Problem to work on » Leaving out every line that comes before the one containing "Tank top with", output the rest of the records exactly, the final line included.

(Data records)

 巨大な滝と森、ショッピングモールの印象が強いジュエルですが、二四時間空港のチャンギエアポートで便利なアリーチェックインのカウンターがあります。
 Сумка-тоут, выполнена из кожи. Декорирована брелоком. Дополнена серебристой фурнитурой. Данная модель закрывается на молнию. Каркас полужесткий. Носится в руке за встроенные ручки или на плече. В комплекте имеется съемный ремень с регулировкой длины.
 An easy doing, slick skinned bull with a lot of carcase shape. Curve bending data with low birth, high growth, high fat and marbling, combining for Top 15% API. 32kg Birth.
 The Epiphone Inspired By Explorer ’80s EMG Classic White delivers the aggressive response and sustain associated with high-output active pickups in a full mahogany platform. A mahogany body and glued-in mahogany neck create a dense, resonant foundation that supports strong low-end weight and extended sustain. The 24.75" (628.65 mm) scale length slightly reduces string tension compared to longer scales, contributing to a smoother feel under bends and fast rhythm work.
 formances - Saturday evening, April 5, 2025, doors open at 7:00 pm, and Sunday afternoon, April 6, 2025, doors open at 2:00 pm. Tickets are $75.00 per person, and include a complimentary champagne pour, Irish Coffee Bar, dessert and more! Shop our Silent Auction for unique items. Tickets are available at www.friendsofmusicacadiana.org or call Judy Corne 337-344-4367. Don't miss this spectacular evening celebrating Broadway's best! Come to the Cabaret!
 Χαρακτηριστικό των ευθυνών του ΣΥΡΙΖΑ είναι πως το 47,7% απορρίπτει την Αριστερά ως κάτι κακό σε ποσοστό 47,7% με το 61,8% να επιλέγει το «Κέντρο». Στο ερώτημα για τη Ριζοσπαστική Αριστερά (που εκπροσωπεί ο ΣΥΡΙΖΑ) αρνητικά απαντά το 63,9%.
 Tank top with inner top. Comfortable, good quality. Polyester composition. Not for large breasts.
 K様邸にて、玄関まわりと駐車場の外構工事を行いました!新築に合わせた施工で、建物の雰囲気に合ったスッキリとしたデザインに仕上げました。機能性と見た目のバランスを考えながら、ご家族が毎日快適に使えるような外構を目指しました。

Output below »
 Tank top with inner top. Comfortable, good quality. Polyester composition. Not for large breasts.
 K様邸にて、玄関まわりと駐車場の外構工事を行いました!新築に合わせた施工で、建物の雰囲気に合ったスッキリとしたデザインに仕上げました。機能性と見た目のバランスを考えながら、ご家族が毎日快適に使えるような外構を目指しました。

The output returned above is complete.